Leos Carax with Adam Driver

Leos Carax with Adam Driver

Leos Carax, the 60-year-old French filmmaker who has made a total of six feature films in a career spanning 40 years, is perhaps one of the most polarising, peculiar filmmakers of our times. From Boy Meets Girl (1984) to The Lovers on the Bridge (1991) to Pola X ( 1999) and Holy Motors (2012), it’s nearly impossible to summarise or even neatly define what his films really are about.

After the world premiere of Holy Motors at the Locarno Film Festival in 2012, I once made the mistake of asking him what the film was about, really. To which, Carax, his eyes covered with sunglasses as usual, turned around and said, “I have no idea. You tell me?”

This time, I decided not to repeat that mistake.

Working with Driver

His most recent film, Annette, which premiers on Mubi on November 24, takes him outside of Europe, straight into Hollywood’s abode, Los Angeles. It’s a strange, melodramatic musical about an aggressive comedian Henry (Adam Driver) and a celebrated opera singer Ann (Marion Cotillard) who fall in love, like movie stars of yore would, and give birth to a baby girl, Annette. Standard fare? Except that the baby girl here is a wooden doll and nobody seems to notice that.
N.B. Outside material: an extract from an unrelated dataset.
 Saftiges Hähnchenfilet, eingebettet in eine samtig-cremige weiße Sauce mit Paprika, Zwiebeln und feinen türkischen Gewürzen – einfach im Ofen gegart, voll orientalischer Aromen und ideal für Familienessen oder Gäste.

Eventually, as Henry spends time tending to Annette, and Ann’s star continues to rise, the inevitability of marital rift ruptures their relationship and the couple spiral into uncontrollable darkness. The film won Carax the Best Director award at Cannes this year. Carax, a recluse, didn’t attend the closing ceremony.

Annette marks a departure for Carax, from a language as well as a casting perspective. Nearly all his films, barring Pola X and now Annette , feature Denis Lavant, arguably one of cinema’s most versatile actors. Arriving at a decision to do this film without Lavant wasn’t difficult, Carax says, over a video call from Paris. “It’s a singing film in English with a younger character. Denis wasn’t fit for the role. I was lucky to work with Adam,” he says, pointing out that he was drawn to Driver’s physicality and his ‘monkey-like’ spirit after watching him in Lena Dunham’s Girls.

Making music

A melancholic musical, Annette’ s songs have been composed and written by Ron and Russell Mael, popularly known as the Sparks brothers, who’ve also been credited for the film’s screenplay. But if the pop-and-rock duo co-wrote the film, Carax found himself working on the film’s songs. “I had to make them mine. And luckily, because we weren’t getting the money, we had a lot of time. Seven years, actually!”
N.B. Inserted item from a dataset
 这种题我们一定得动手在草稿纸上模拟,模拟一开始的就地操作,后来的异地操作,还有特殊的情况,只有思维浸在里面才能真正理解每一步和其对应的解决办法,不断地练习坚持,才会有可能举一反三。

The director and the musicians would hang around in Paris and after the meeting, Carax would send them some lyrics that the duo would weave into the songs. “It’s hard to tell who did what now as everything all merged into one another. When there’s no singing, that’s me... some other bits in other songs and then the last scene in prison is me.”

Not just a puppet ‘baby’

While there are several ways to interpret what the wooden baby signifies — from it being the media’s obsession with covering celebrity children to it being a telling sign of the way Henry looks at women (as puppets) — Carax has a rather straight-forward explanation.

“It would be impossible to find a child that age who sings. It wasn’t something I wished to do. But it came to me in a flash and then I had to imagine the whole film around this baby. Over time, we all got attached to the puppets. The final challenge was to also find a real-life five-year-old who can confront her father but then, like the film says, miracles do happen.”
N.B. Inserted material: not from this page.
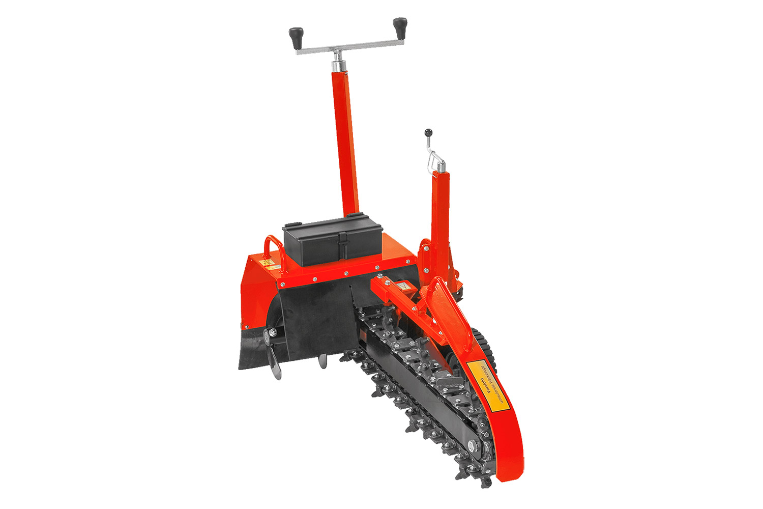 Rýhovač a drážkovač kabelů pro zavlažovací systémy, podzemní kabely a odvodnění. S vrtákem. Řetěz s ocelovými zuby a hroty z karbidu s úhlovými řeznými zuby.

Powered by doubts and fears

In the film, Driver’s Henry has a volatile relationship with the audience. He uses comedy as an outlet for his angst, at times even humiliating the audience members. But he also seeks out their validation as a means to assert his power. Carax’s protagonists often appear to be proxies for himself. While he certainly doesn’t have a hostile equation with his patrons, he does have a complicated relationship with them.

“The more viewers you have,” Carax says, “the easier it is for you to make films. I’m conscious of that. When I was younger, I’d say, I wanted to make films for dead people. It’s hard to say who I make films for. Annette has so many layers of reality and unreality, you end up thinking, will people accept this? That’s unavoidable.” Carax says he cannot reverse-engineer a movie to suit the taste of his audience. Instead, he says, “You put your doubts, your fears, your questions into the film. Imagining yourself as a bad father is interesting.”

The mysteries of success

An unapologetic provocateur, Carax has had a tough time making films in Europe, a cinema culture generally perceived to be a thriving ground for avant-garde and experimental filmmakers. Annette is his first English film and that too with actors who’ve enjoyed mainstream Hollywood popularity.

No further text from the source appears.